* _Dataset content_:
::::

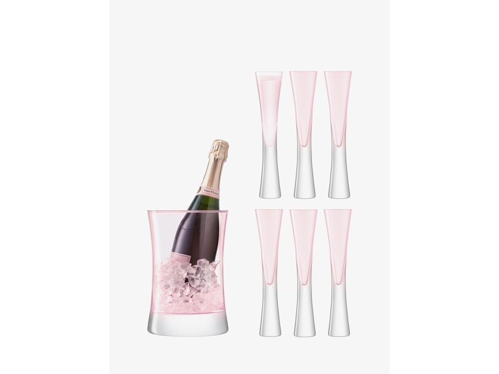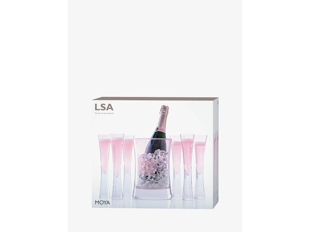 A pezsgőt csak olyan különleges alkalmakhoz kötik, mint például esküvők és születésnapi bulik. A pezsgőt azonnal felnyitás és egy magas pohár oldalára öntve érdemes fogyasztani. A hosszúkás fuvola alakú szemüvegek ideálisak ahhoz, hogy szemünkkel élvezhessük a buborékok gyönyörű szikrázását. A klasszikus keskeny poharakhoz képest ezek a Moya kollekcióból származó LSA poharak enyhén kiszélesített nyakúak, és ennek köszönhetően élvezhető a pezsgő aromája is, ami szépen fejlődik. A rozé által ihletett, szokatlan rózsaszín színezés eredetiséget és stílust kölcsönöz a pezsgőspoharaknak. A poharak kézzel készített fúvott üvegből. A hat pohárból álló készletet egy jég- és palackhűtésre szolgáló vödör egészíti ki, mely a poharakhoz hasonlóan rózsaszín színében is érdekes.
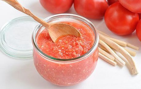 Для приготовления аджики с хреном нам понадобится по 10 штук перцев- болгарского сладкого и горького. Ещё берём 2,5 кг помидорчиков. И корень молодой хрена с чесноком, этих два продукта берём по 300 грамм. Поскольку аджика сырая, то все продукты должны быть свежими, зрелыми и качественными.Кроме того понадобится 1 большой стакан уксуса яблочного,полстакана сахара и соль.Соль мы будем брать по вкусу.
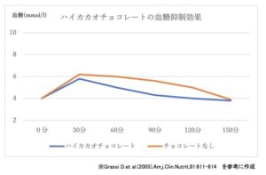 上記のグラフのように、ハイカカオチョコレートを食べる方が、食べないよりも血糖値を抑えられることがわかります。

::::

Leave the pictures out and return the rest of the material exactly.

 A pezsgőt csak olyan különleges alkalmakhoz kötik, mint például esküvők és születésnapi bulik. A pezsgőt azonnal felnyitás és egy magas pohár oldalára öntve érdemes fogyasztani. A hosszúkás fuvola alakú szemüvegek ideálisak ahhoz, hogy szemünkkel élvezhessük a buborékok gyönyörű szikrázását. A klasszikus keskeny poharakhoz képest ezek a Moya kollekcióból származó LSA poharak enyhén kiszélesített nyakúak, és ennek köszönhetően élvezhető a pezsgő aromája is, ami szépen fejlődik. A rozé által ihletett, szokatlan rózsaszín színezés eredetiséget és stílust kölcsönöz a pezsgőspoharaknak. A poharak kézzel készített fúvott üvegből. A hat pohárból álló készletet egy jég- és palackhűtésre szolgáló vödör egészíti ki, mely a poharakhoz hasonlóan rózsaszín színében is érdekes.
 Для приготовления аджики с хреном нам понадобится по 10 штук перцев- болгарского сладкого и горького. Ещё берём 2,5 кг помидорчиков. И корень молодой хрена с чесноком, этих два продукта берём по 300 грамм. Поскольку аджика сырая, то все продукты должны быть свежими, зрелыми и качественными.Кроме того понадобится 1 большой стакан уксуса яблочного,полстакана сахара и соль.Соль мы будем брать по вкусу.
 上記のグラフのように、ハイカカオチョコレートを食べる方が、食べないよりも血糖値を抑えられることがわかります。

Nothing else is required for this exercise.